Some rules are meant to be broken — including IT security policies, according to a new study by the Ponemon Institute.
In a report sponsored by IronKey, roughly half of the 967 end users surveyed said their corporate data security policies are largely ignored by both employees and management. The policy violations ranged from the misuse of USB sticks to personal use of e-mail to turning off the firewall.
In an age of data breaches and insider threats, 61 percent admitted to copying confidential data onto USB sticks and transferring the information to a noncorporate device. Most admitted their companies either did not allow this or had no policy in place to deal with it.

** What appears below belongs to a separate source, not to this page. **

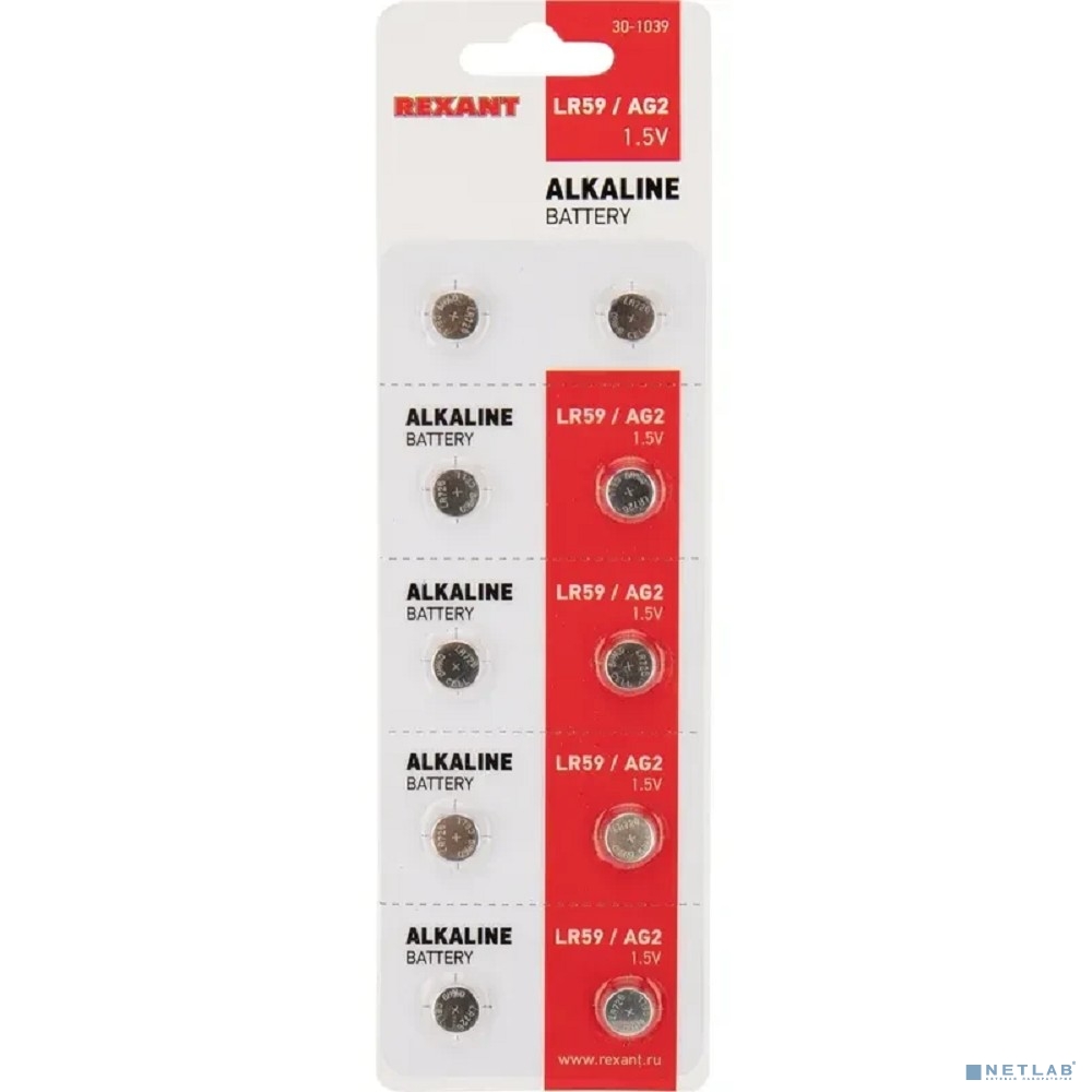 НазваниеRexant (30-1039) Батарейка часовая LR59, 1,5В, 10 шт (AG2, LR726, G2, 196, GP96A, 396, SR726W) блистер

What’s more, 47 percent admitted to having shared their passwords with co-workers or third-party contractors in the past. The bad news doesn’t stop there. More than 20 percent of the respondents admitted to having turned off security such as anti-virus software, desktop firewalls and encryption on enterprise devices, up from 17 percent when this study was performed two years ago.
Not touched on in the survey directly is the issue of whether or not corporate policies are hindering productivity. There may be, for example, a legitimate reason for someone to copy data to a USB stick and transfer it to a computer outside the enterprise. But the study is not without insight as to why security policies seem to be falling short.
According to the report, 58 percent said they felt their companies did not provide adequate training on following the rules, while 46 percent said the policies were too complex to understand.
“As mobile devices become more and more prevalent in the workplace, our research shows that policies and enforcement are not keeping up with the increased risk of a data breach,” Larry Ponemon, chairman and founder of the Ponemon Institute, said in a statement. “Employees are under tremendous pressure to be highly mobile and productive, but they aren’t being properly educated on the risks to data integrity; they are taking data outside of the organizational structure without complete understanding or awareness of the serious implications of a breach or misuse of sensitive information.”